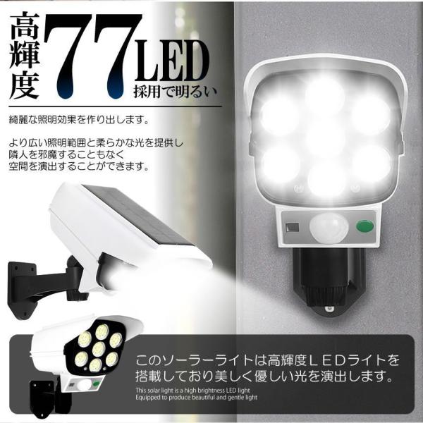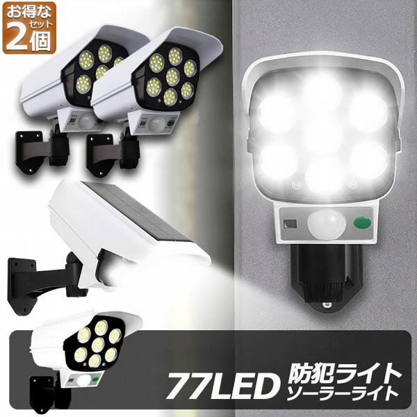 ソーラーライト 2台セット ダミーセキュリティカメラ 77LED センサーライト 屋外照明 人感センサーライト 防犯カメラ型 自動夜間点灯 ダミ
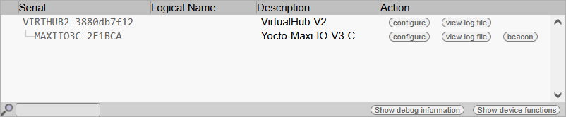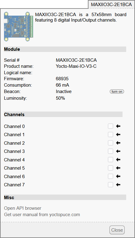 The first item to check is that your module is working well: click on the serial number corresponding to your module. This displays a window summarizing the properties of your Yocto-Maxi-IO-V3-C.
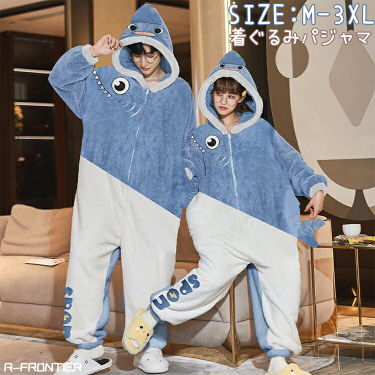 着ぐるみ パジャマ サメ 大人用 ペア パジャマ モコモコ 着ぐるみ パジャマ 可愛い ルームウェア 冬用 レディース メンズ 長袖 動物 前開き 着る毛布 韓国 部屋着 お揃い 夫婦 記念日

- [Work order]: The response must match the listing exactly, except that pictures are removed.

- [Result below]:
 ソーラーライト 2台セット ダミーセキュリティカメラ 77LED センサーライト 屋外照明 人感センサーライト 防犯カメラ型 自動夜間点灯 ダミ
 The first item to check is that your module is working well: click on the serial number corresponding to your module. This displays a window summarizing the properties of your Yocto-Maxi-IO-V3-C.
 着ぐるみ パジャマ サメ 大人用 ペア パジャマ モコモコ 着ぐるみ パジャマ 可愛い ルームウェア 冬用 レディース メンズ 長袖 動物 前開き 着る毛布 韓国 部屋着 お揃い 夫婦 記念日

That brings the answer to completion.